I'm Rob, and I was diagnosed with Systemic Lupus five years ago. I have undergone a drastic personality change that is oftentimes odd, and hard for others to understand. I was an extrovert, owned my own business, and I was very social and engaged with others. After my diagnosis I had to close my business, my fiancee whom I'd been with for six years left. My friends stopped coming around, and I was very much alone suddenly.
I'm now a very guarded introvert. I have a difficult time talking to people, and I live in a self imposed isolation. I don't answer the phone, I don't invite people to my home, and my family says I have become very distant, and the "sparkle" in my eye and spring in my step are gone.
Many times I don't talk to people because I have fairly severe Cognitive Dysfunction or (brain fog), as we call it. It causes me to forget words, forget entire trains of thought in the middle of a conversation, and I tend to repeat myself alot because I forget what I just talked about. The best way to explain it, is that I've lost the ability to articulate myself to others. I deal with depression on a regular basis.

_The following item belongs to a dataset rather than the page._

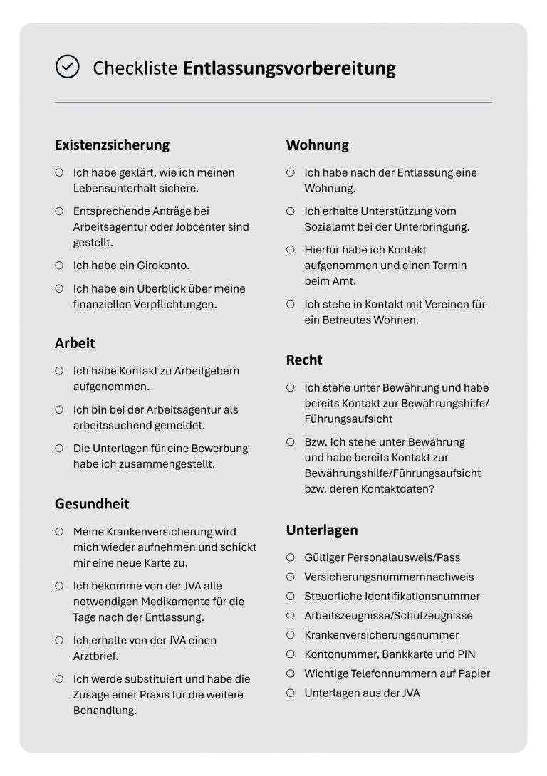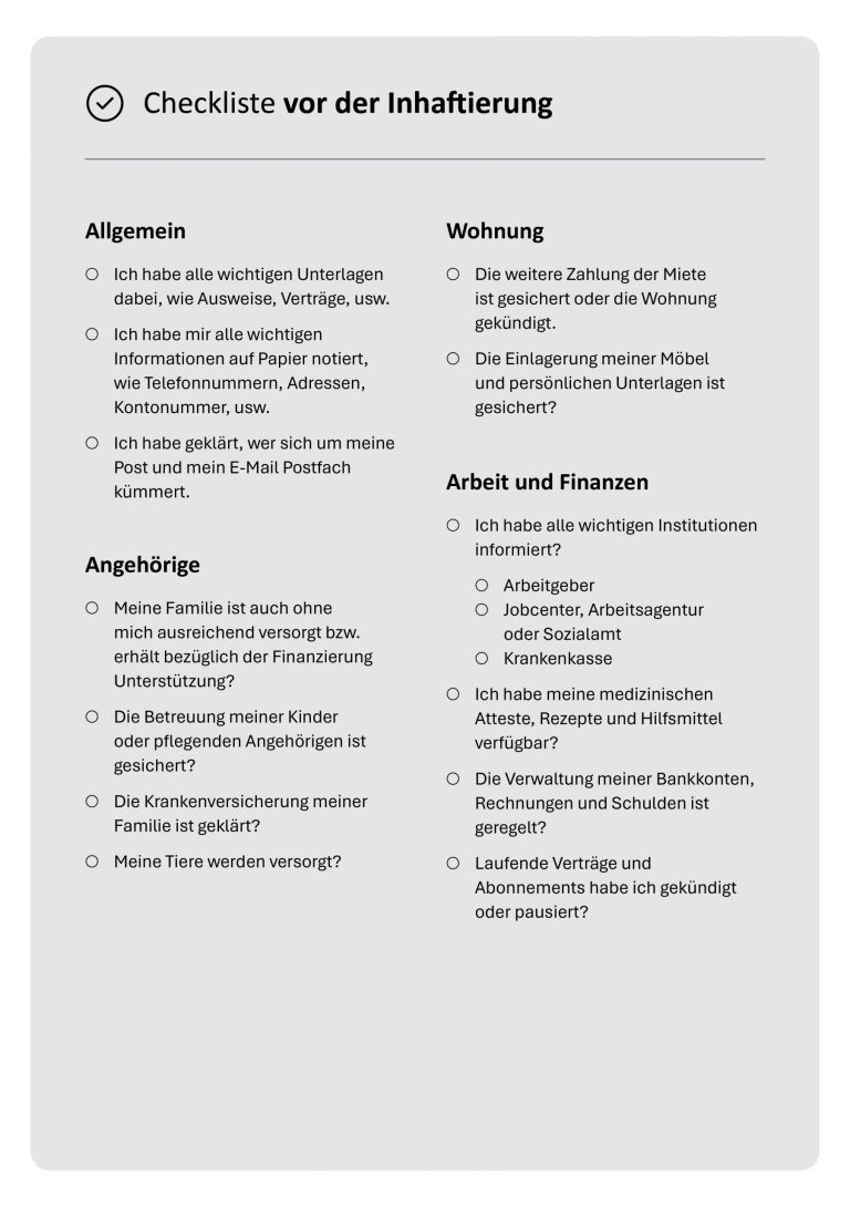 In diesem Ratgeber möchten wir Ihnen Antworten und Hilfestellungen zu den drängendsten Fragen geben, die während und nach der Haft auftreten können.
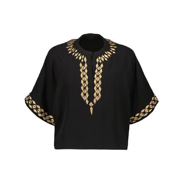 모로코 장인정신과 우아한 무드를 결합한 이브살로몬의 실크 자수 블라우스.

Your wife could be experiencing some significant cognitive problems that are leading to her detachment and her turning her back on others. And, even without cognitive dysfunction, the constant pain and frustration of Lupus can leave a person with little or no energy. It grinds you down. There are no simple solutions for these problems. I try to interact with others as much as I can on my good days when my ability to communicate is at it's best. I also joined an online support group-this one. I talk to others here daily, and that helps me stay connected and open to interaction with others. I don't take any anti-depressants, but many people with Lupus do, and have good results.
Anyway, this is just one theory on what may be happening with your wife. I'm sure others will be along shortly with their thoughts and recommendations. Welcome to our group, and please make yourself at home.